##### EXTRACTED RECORDS

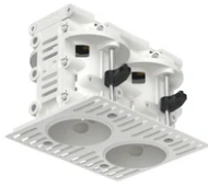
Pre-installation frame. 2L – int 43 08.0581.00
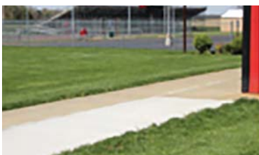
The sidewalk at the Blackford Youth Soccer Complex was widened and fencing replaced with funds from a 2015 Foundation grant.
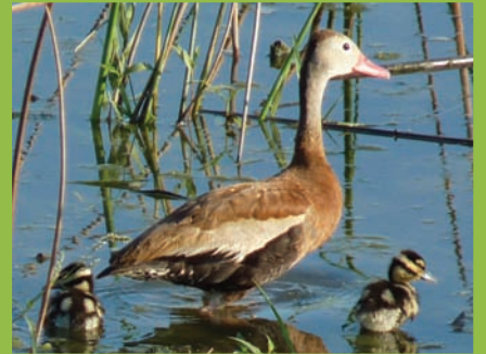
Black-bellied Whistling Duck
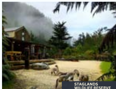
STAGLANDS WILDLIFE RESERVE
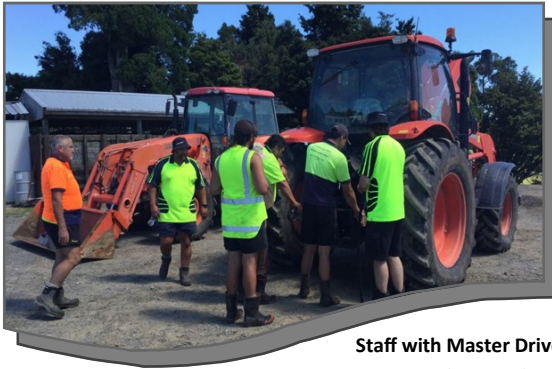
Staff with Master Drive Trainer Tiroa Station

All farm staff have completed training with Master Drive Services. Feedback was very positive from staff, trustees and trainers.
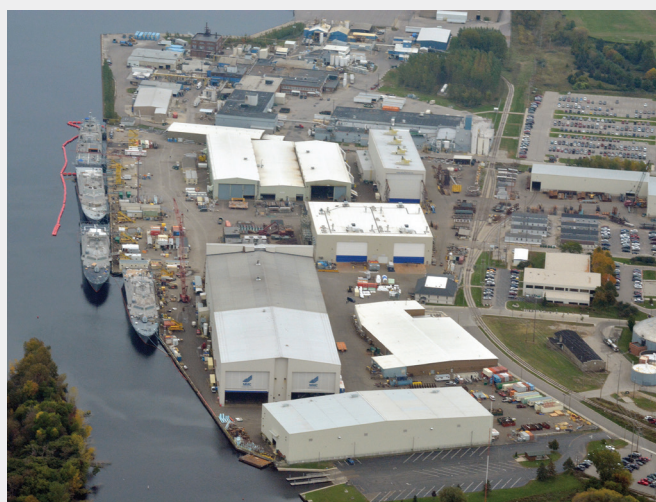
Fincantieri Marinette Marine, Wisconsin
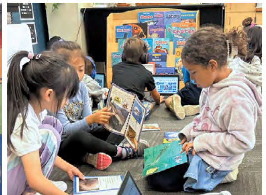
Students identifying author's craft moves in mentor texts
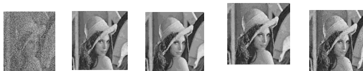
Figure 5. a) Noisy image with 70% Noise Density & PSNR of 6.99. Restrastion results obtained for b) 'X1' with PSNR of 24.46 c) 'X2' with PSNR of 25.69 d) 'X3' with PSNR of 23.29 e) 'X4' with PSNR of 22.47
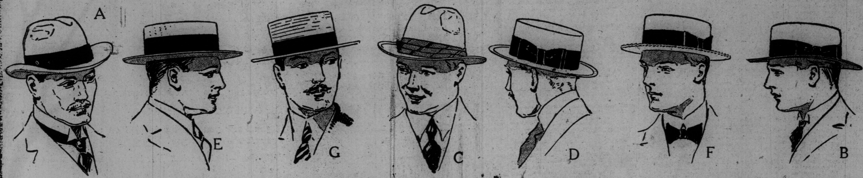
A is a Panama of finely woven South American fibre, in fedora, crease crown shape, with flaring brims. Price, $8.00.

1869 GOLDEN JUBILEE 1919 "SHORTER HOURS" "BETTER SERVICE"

##########
##### EXTRACTED RECORDS

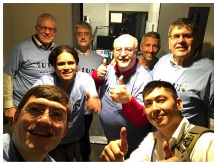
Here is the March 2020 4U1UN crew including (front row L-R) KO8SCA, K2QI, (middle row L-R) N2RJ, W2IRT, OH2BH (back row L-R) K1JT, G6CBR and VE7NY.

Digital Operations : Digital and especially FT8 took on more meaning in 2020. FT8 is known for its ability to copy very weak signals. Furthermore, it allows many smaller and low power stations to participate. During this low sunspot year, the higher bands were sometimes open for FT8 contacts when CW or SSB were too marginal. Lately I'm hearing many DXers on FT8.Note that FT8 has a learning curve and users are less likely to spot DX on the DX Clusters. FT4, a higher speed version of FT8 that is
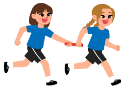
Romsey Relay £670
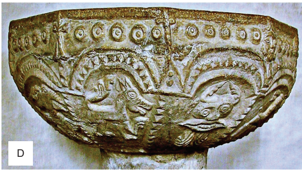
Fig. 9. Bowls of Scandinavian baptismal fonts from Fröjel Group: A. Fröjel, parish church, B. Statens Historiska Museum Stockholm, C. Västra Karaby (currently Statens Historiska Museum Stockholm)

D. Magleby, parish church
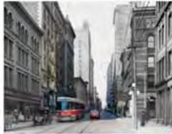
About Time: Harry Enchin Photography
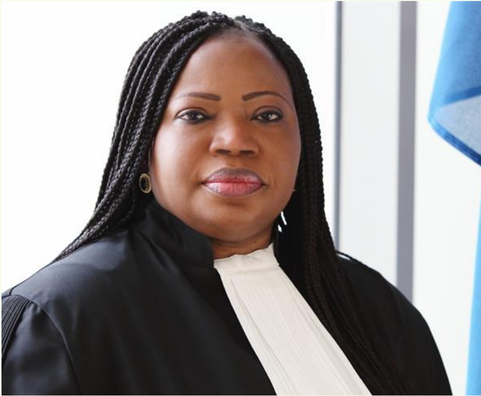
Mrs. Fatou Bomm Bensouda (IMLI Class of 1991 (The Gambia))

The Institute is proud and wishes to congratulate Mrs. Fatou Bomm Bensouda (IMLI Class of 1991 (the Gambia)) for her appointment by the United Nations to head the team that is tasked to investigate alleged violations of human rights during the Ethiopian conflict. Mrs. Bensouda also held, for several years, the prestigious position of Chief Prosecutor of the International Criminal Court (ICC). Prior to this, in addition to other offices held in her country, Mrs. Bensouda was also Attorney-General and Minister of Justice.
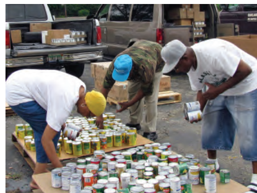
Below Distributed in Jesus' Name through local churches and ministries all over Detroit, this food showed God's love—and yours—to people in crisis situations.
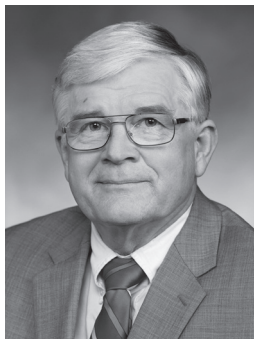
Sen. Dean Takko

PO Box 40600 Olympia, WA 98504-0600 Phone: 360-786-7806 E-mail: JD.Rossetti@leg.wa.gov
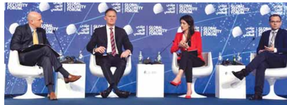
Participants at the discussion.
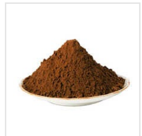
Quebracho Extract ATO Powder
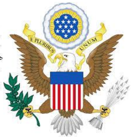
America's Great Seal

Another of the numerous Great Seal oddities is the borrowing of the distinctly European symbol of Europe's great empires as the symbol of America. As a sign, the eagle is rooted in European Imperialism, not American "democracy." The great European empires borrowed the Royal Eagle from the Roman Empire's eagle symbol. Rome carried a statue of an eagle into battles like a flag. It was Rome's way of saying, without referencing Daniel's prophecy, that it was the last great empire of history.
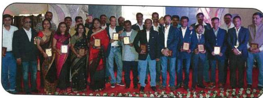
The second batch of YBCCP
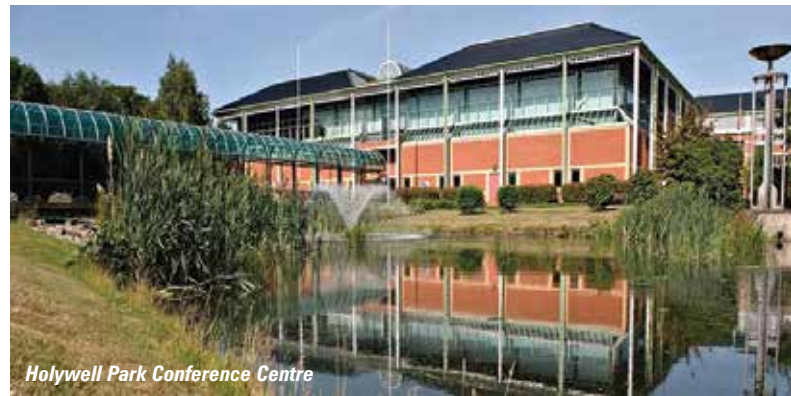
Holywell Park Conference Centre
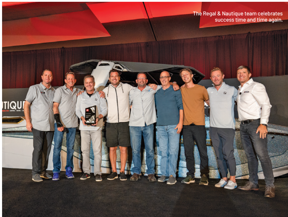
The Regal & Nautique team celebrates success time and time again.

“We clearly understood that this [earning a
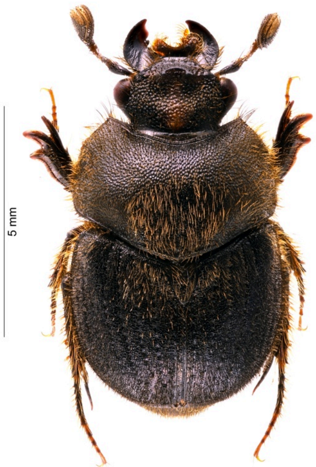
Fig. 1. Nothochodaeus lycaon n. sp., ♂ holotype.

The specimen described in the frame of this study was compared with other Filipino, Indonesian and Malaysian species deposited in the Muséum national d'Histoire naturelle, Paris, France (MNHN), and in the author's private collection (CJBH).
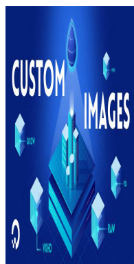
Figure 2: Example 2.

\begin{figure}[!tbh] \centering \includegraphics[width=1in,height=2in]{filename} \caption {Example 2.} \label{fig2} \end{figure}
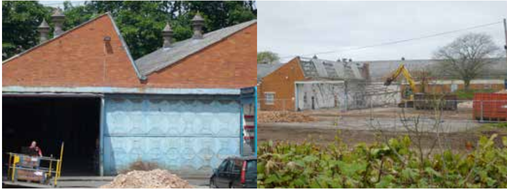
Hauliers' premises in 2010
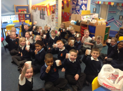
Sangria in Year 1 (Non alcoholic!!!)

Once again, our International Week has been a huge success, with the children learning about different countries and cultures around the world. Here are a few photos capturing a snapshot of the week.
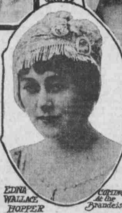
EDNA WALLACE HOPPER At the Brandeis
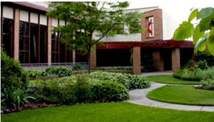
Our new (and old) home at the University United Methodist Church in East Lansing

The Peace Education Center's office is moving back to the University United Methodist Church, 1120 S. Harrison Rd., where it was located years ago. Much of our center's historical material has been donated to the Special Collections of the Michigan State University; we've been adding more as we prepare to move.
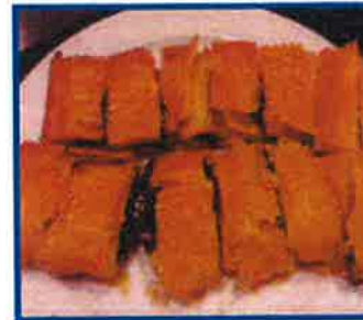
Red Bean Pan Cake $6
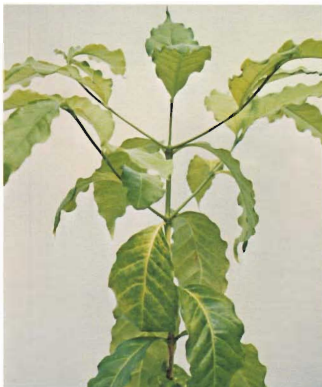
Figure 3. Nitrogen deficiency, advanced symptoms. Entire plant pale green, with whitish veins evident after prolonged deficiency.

##########
##### EXTRACTED RECORDS

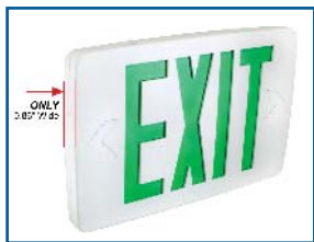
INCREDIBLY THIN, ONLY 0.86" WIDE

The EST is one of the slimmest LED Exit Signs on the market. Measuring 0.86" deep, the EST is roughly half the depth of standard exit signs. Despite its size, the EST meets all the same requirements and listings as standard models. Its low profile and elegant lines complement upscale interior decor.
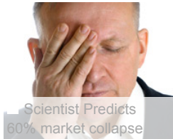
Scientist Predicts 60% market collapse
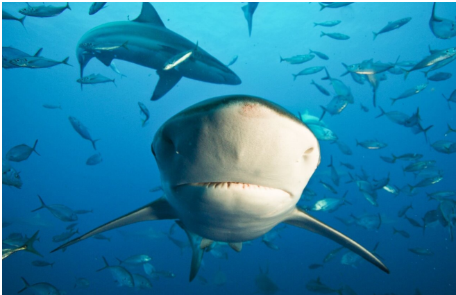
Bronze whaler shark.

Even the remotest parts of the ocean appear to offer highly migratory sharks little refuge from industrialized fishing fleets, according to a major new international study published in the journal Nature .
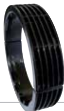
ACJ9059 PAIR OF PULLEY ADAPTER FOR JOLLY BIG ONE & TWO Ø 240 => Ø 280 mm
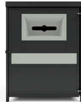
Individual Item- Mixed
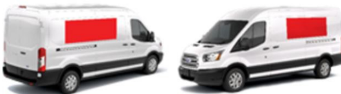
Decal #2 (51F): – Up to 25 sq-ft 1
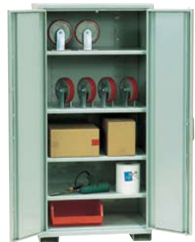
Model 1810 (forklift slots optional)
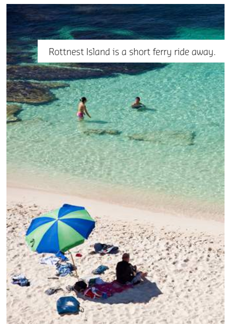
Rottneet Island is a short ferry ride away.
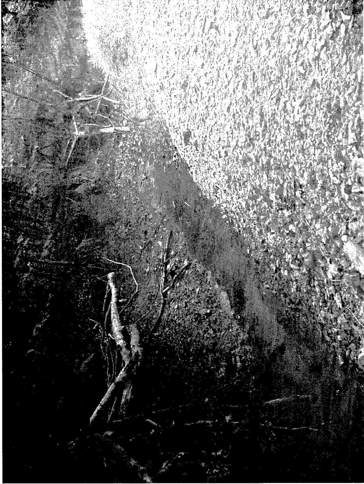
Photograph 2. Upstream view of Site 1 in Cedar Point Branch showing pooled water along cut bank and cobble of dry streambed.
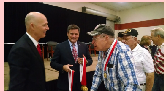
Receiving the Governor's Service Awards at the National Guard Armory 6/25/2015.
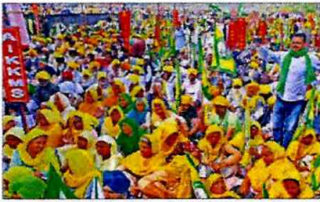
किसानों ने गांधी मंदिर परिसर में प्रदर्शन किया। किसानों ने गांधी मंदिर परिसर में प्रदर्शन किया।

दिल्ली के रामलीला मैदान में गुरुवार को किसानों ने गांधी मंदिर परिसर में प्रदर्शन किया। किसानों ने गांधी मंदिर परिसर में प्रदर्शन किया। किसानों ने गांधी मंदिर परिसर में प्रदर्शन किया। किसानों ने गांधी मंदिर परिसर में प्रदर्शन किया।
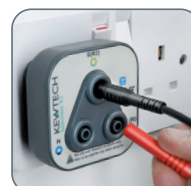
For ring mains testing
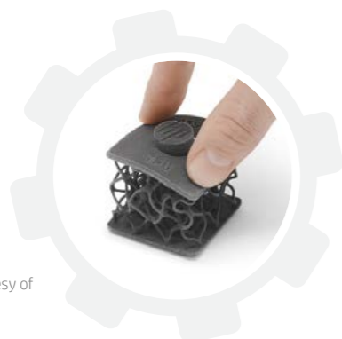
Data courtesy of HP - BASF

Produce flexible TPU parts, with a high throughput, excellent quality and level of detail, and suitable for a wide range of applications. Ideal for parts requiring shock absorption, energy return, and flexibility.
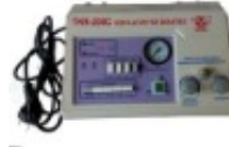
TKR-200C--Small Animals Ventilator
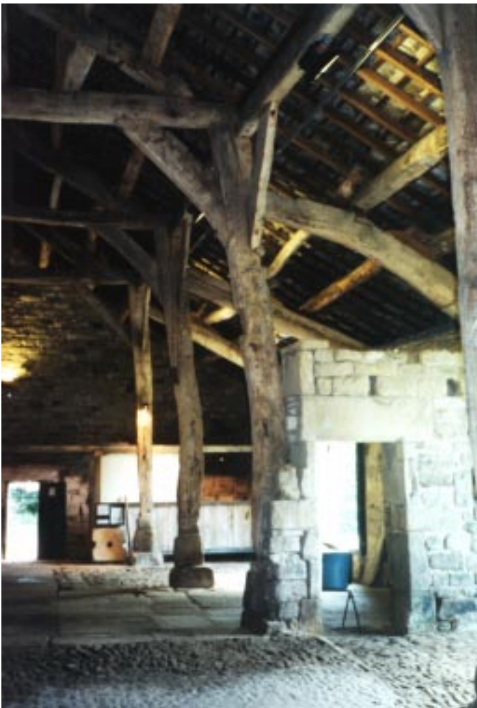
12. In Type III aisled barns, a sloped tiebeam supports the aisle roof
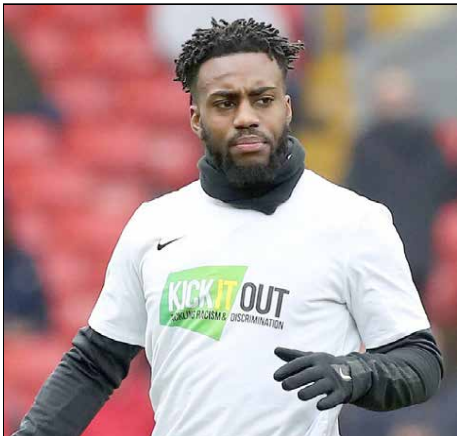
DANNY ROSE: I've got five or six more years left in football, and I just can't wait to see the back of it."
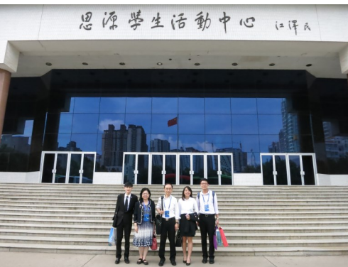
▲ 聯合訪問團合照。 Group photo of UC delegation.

##########

WHAT THIS TASK INVOLVES — Exercise for the records above: copy only the lines from the one with "All farm staff" to the one with "Figure 5. a)", both ends kept, and drop the pictures.

ANSWER TO THIS EXERCISE —
All farm staff have completed training with Master Drive Services. Feedback was very positive from staff, trustees and trainers.
Fincantieri Marinette Marine, Wisconsin
Students identifying author's craft moves in mentor texts
Figure 5. a) Noisy image with 70% Noise Density & PSNR of 6.99. Restrastion results obtained for b) 'X1' with PSNR of 24.46 c) 'X2' with PSNR of 25.69 d) 'X3' with PSNR of 23.29 e) 'X4' with PSNR of 22.47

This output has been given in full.